--- Extracted material ---
══════

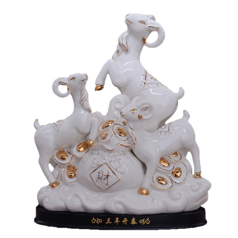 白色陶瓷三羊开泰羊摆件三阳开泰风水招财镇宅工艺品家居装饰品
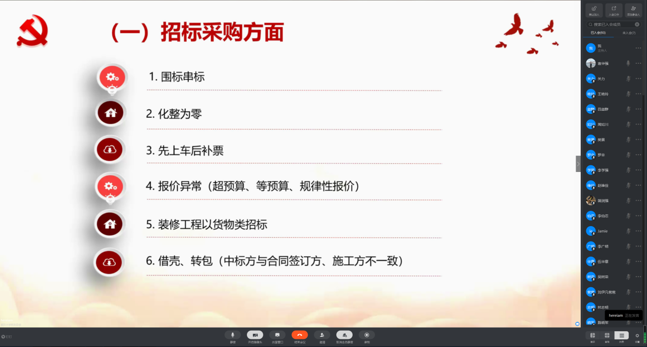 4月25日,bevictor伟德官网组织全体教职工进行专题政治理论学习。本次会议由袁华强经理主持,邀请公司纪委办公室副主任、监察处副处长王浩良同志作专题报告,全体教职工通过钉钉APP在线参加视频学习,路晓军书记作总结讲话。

══════

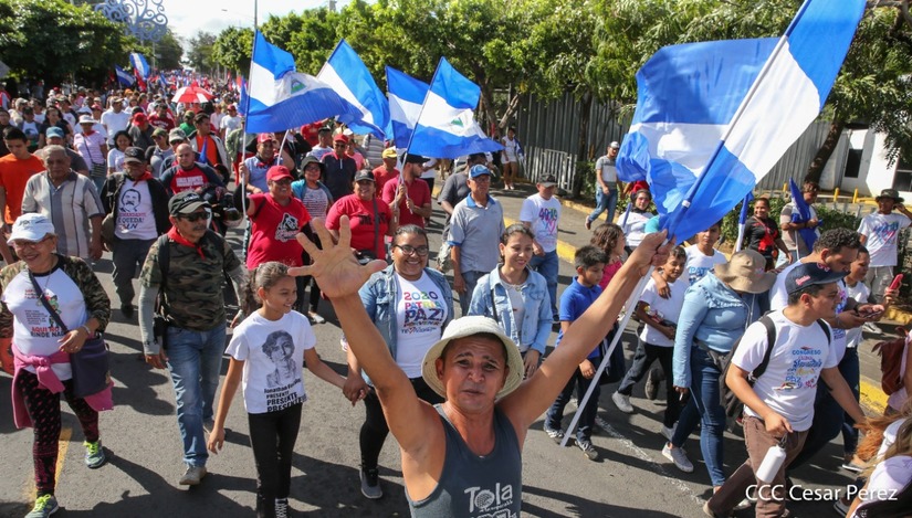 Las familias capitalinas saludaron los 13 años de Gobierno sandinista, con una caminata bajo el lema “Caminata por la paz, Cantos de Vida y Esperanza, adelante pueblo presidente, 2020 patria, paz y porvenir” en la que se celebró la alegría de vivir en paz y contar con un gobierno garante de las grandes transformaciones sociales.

══════

--- Work instruction ---
Repeat exactly, and only, the entries from the line with "白色陶瓷三羊开泰羊摆件三阳开泰风水招财镇宅工艺品家居装饰品" through the line with "4月25日,bevictor". Pictures are skipped.

--- Final answer ---
 白色陶瓷三羊开泰羊摆件三阳开泰风水招财镇宅工艺品家居装饰品
 4月25日,bevictor伟德官网组织全体教职工进行专题政治理论学习。本次会议由袁华强经理主持,邀请公司纪委办公室副主任、监察处副处长王浩良同志作专题报告,全体教职工通过钉钉APP在线参加视频学习,路晓军书记作总结讲话。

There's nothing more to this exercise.